TASK DETAILS
An unchanged copy of each entry below is needed; keep the pictures out of it.

Data excerpts:
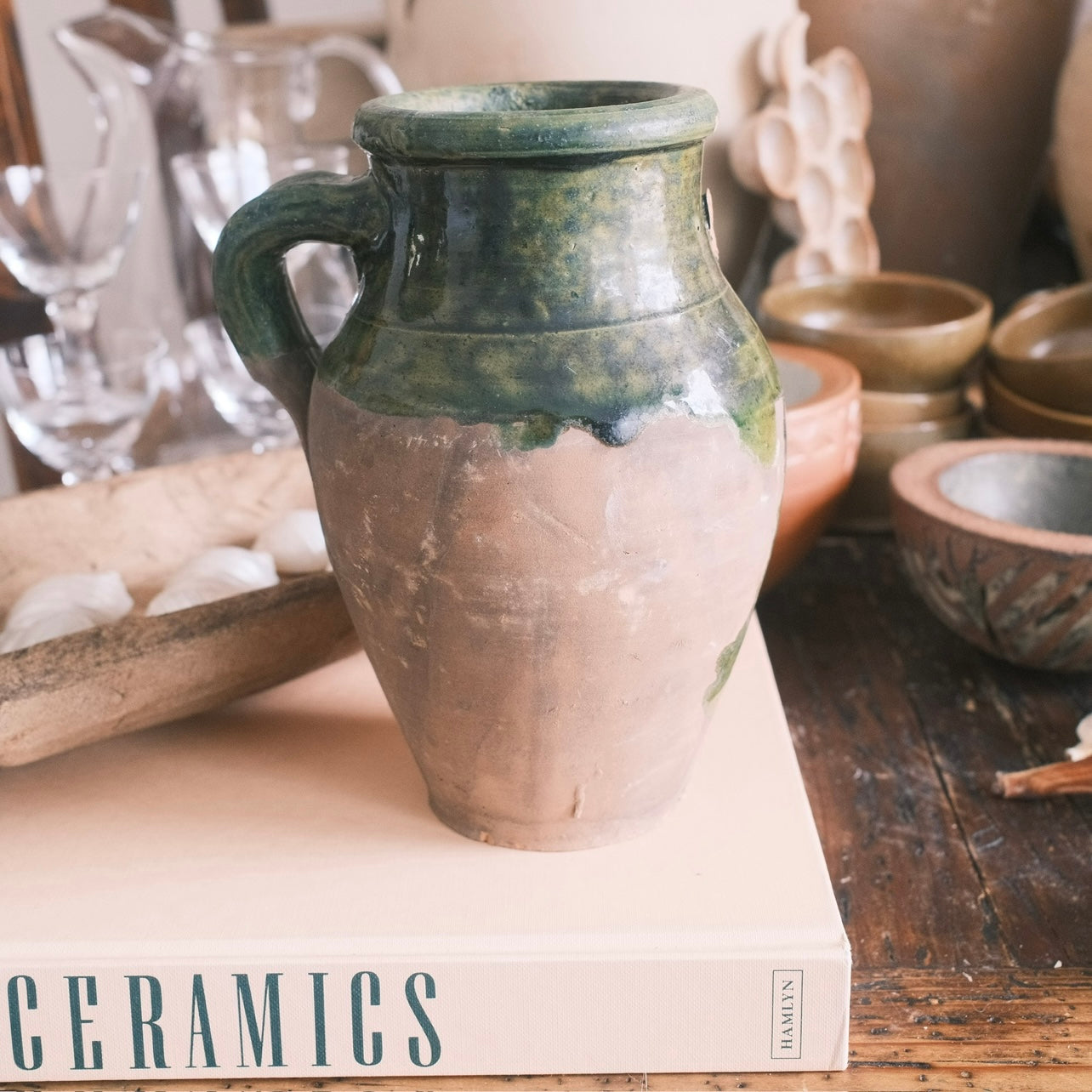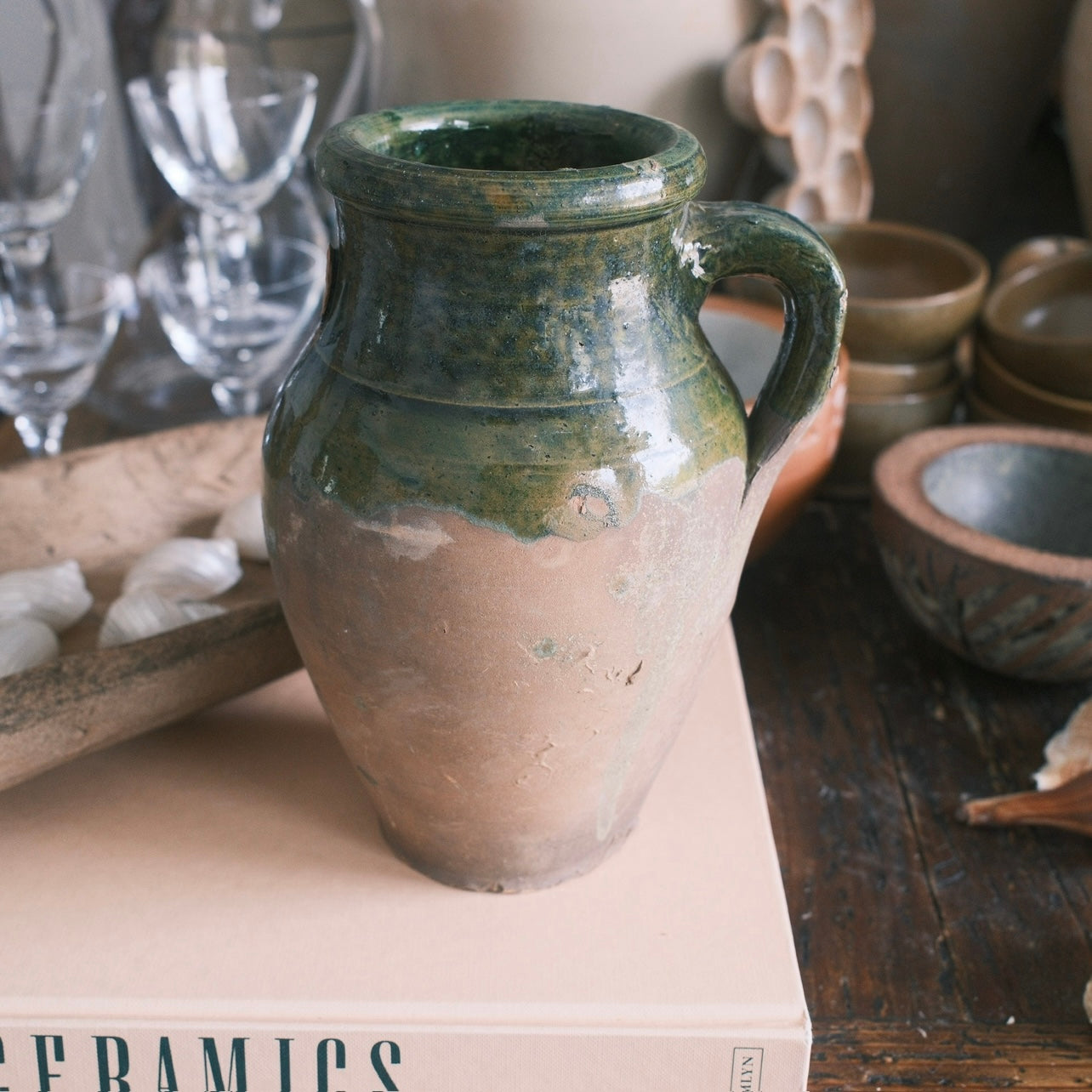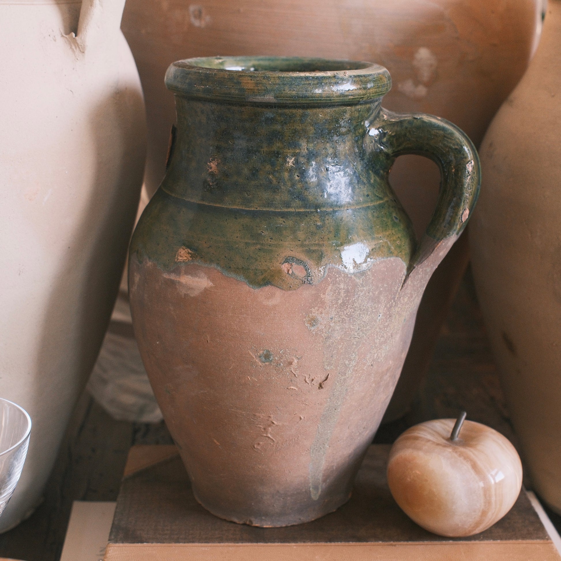 Keramik vas med grön glaserad yta och ett handtag. Alla urnor är unika och kan skifta i färg. De är bara att höra av sig om jag ska ta separata bilder på de som är kvar.
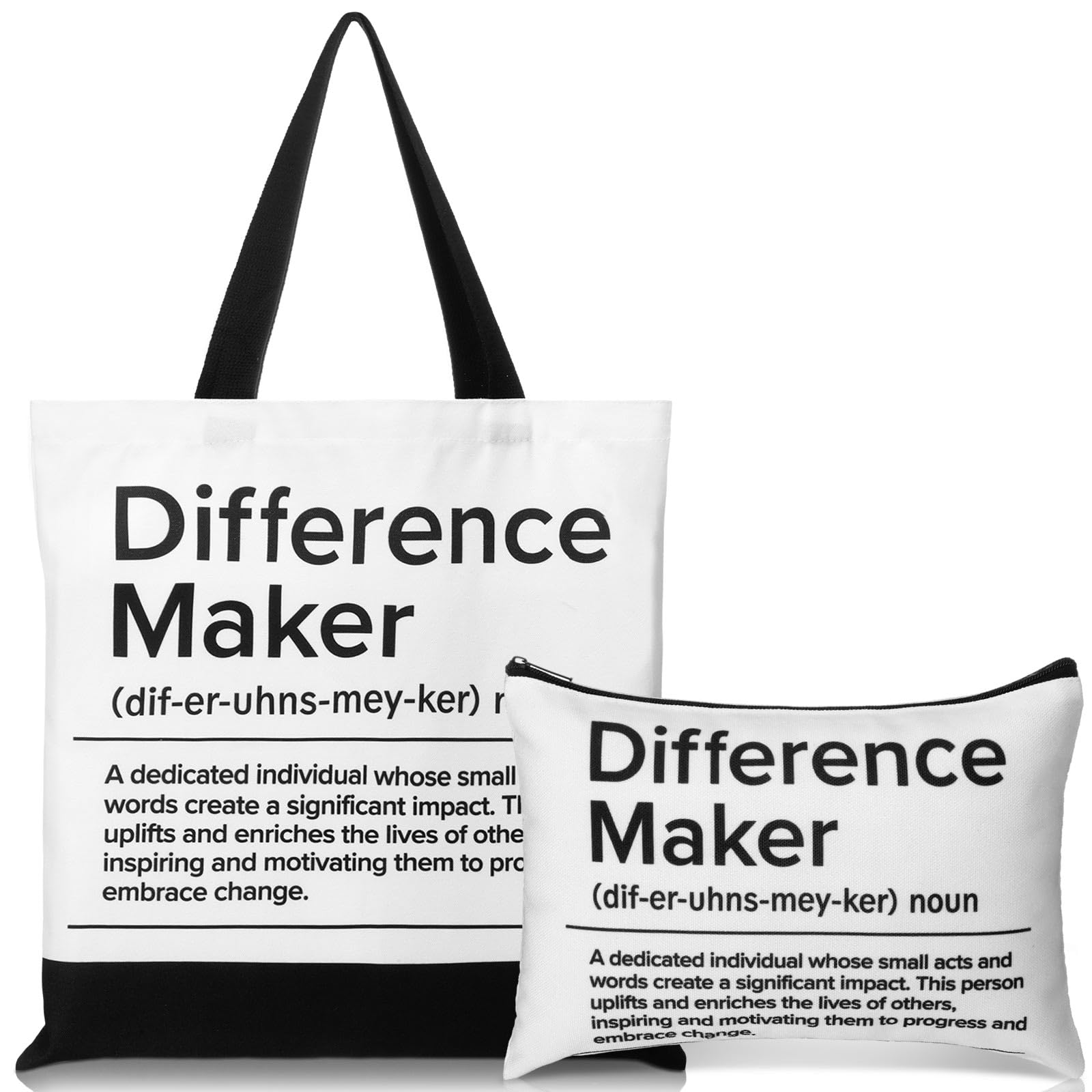 Quality Material: our difference maker canvas tote and pouch are crafted from canvas; Upon receiving the package, if there are wrinkles, simply iron gently before use; The printing is clear and vivid, with clear printing, sturdy and strong, washable, not easy to fade or tear
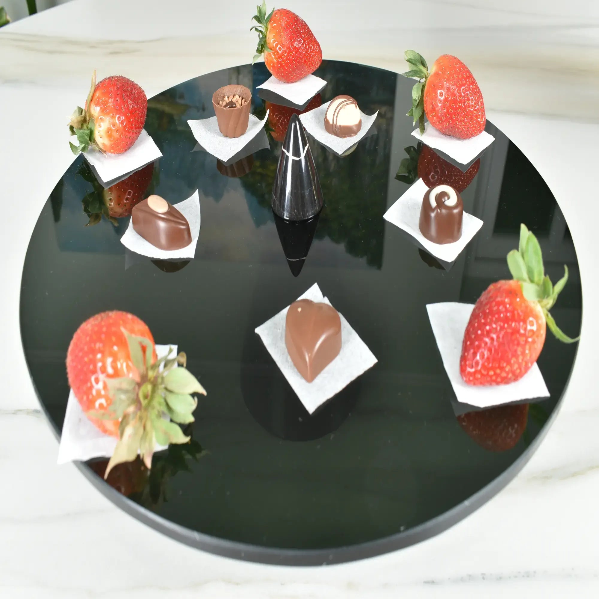 Ideal als Servierplatte, Tortenplatte, Dekorationsfläche oder stilvolle Ablage für Kerzen, Austern, Desserts oder Wohnaccessoires.
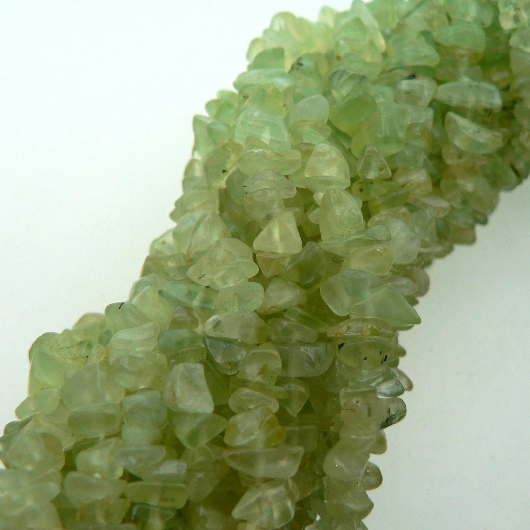 Absolutely stunning light, fresh Spring green natural Prehnite chip beads- nice and chunky- on a 35″ strand. Chips measure up to 7mm wide.
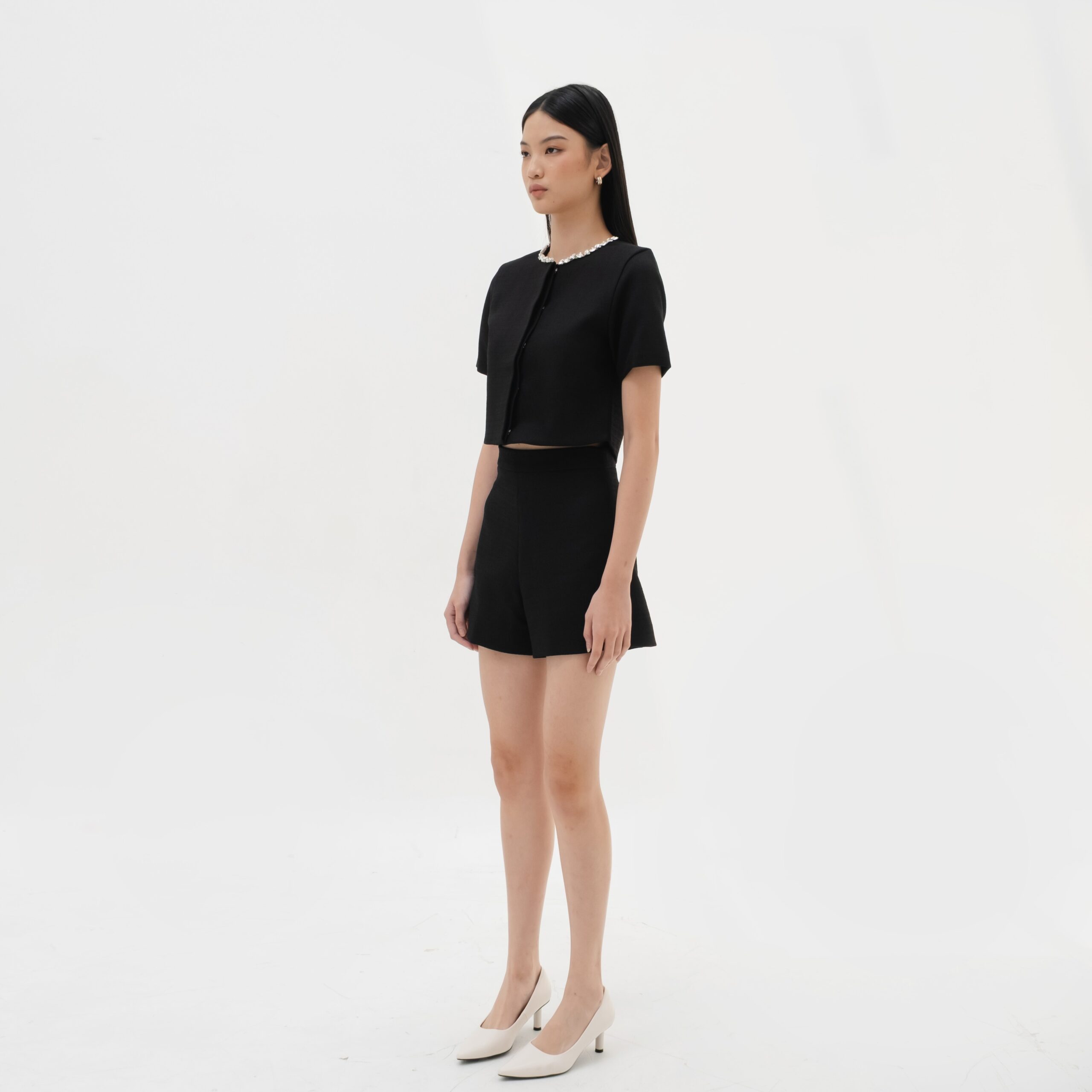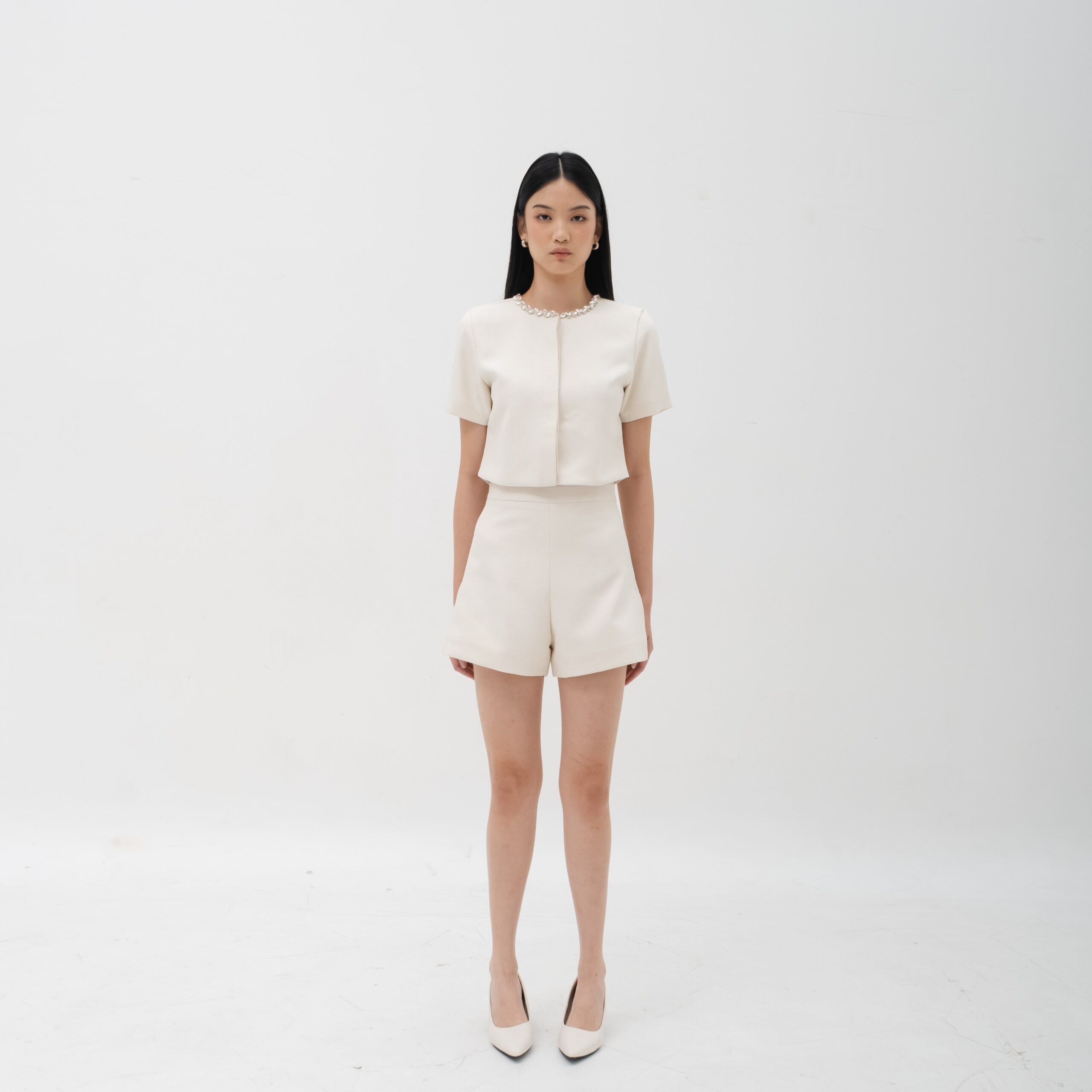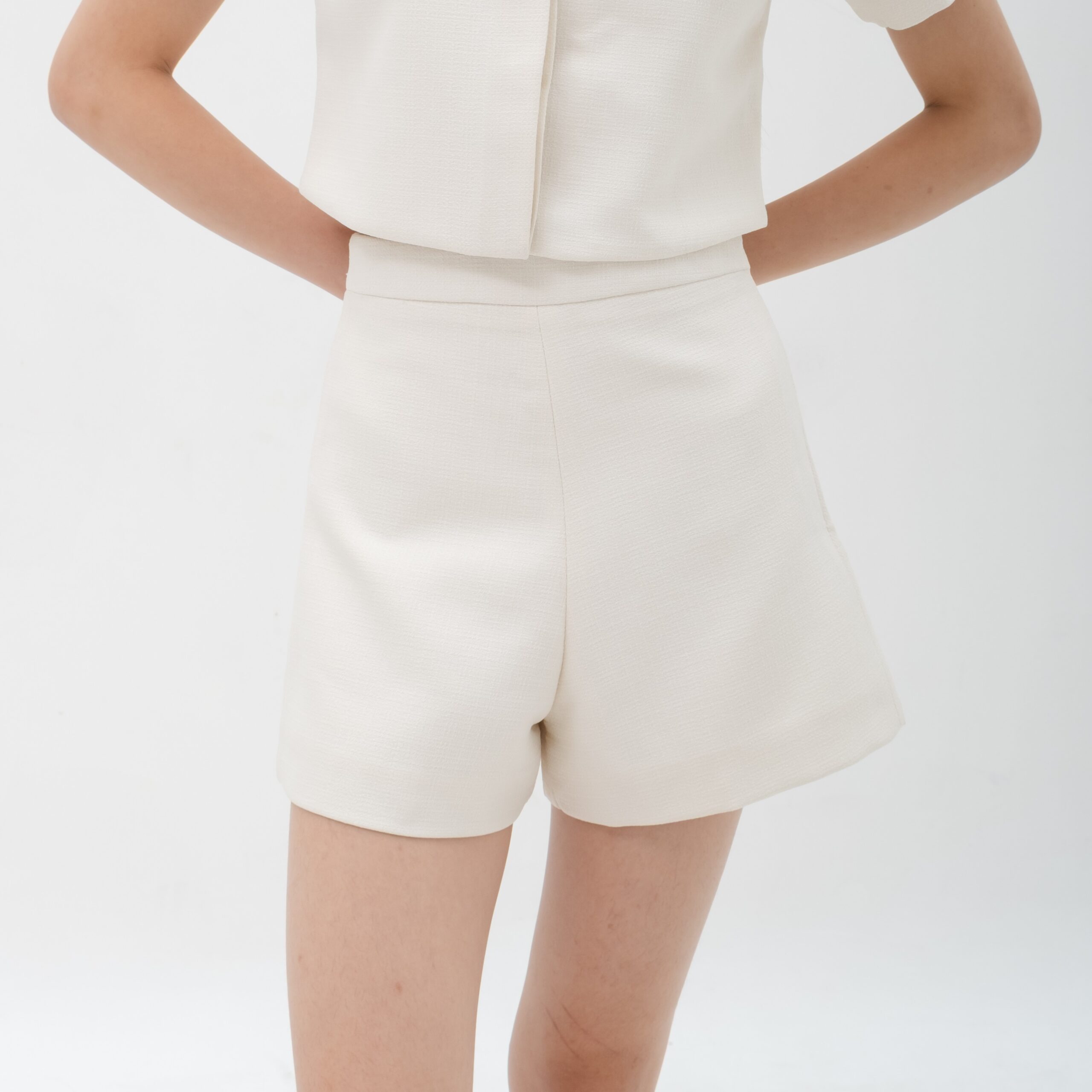 Tailored high-waist shorts with clean seam lines for a polished finish. The A-line cut gives them a timeless, relaxed fit.
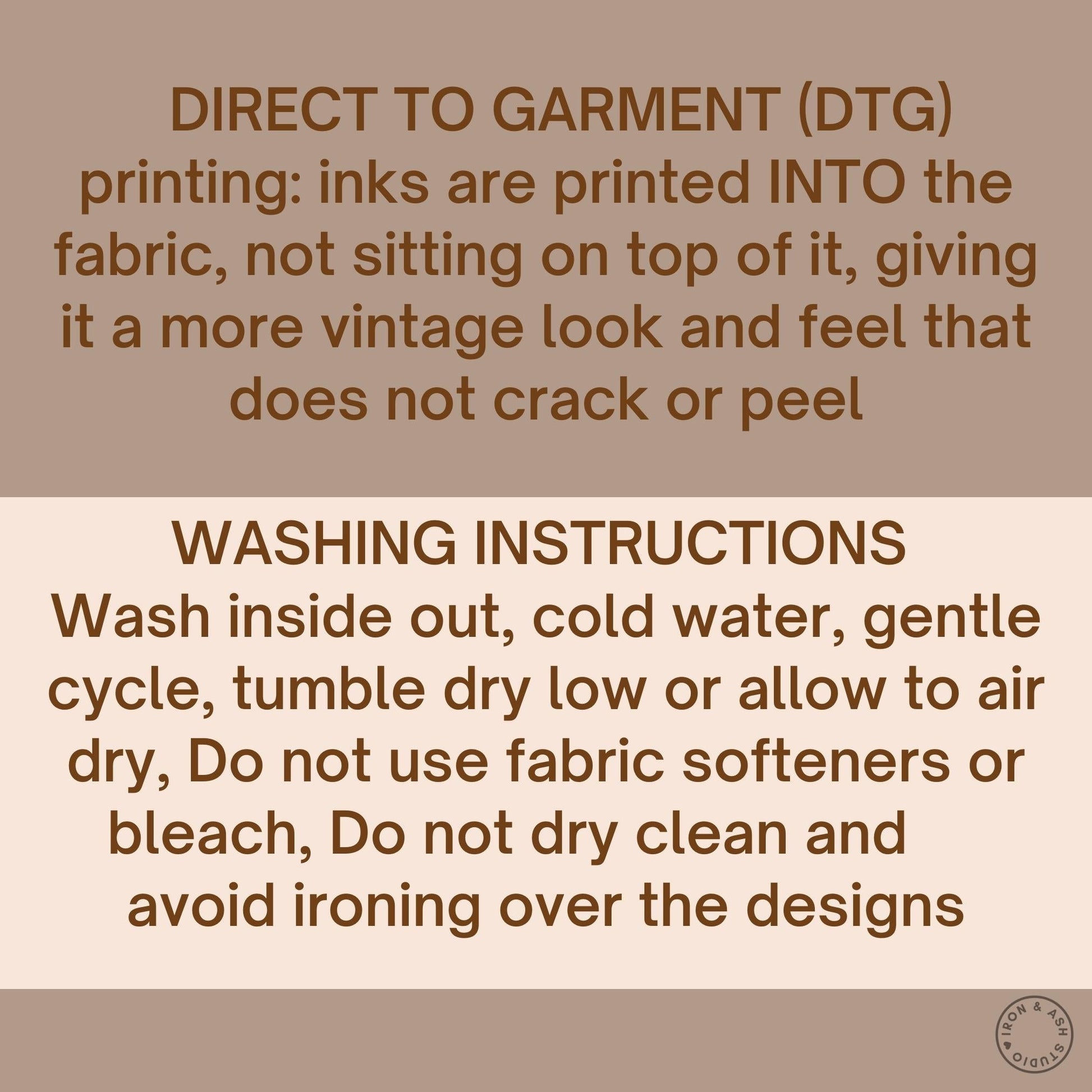♥️ PRINT This is a Direct To Garment (DTG) printed item and will NOT crack or peel like vinyl. The ink is printed INTO the fabric, not sitting on top of it, giving a more vintage look and feel.

WRITTEN RESPONSE
 Keramik vas med grön glaserad yta och ett handtag. Alla urnor är unika och kan skifta i färg. De är bara att höra av sig om jag ska ta separata bilder på de som är kvar.
 Quality Material: our difference maker canvas tote and pouch are crafted from canvas; Upon receiving the package, if there are wrinkles, simply iron gently before use; The printing is clear and vivid, with clear printing, sturdy and strong, washable, not easy to fade or tear
 Ideal als Servierplatte, Tortenplatte, Dekorationsfläche oder stilvolle Ablage für Kerzen, Austern, Desserts oder Wohnaccessoires.
 Absolutely stunning light, fresh Spring green natural Prehnite chip beads- nice and chunky- on a 35″ strand. Chips measure up to 7mm wide.
 Tailored high-waist shorts with clean seam lines for a polished finish. The A-line cut gives them a timeless, relaxed fit.
♥️ PRINT This is a Direct To Garment (DTG) printed item and will NOT crack or peel like vinyl. The ink is printed INTO the fabric, not sitting on top of it, giving a more vintage look and feel.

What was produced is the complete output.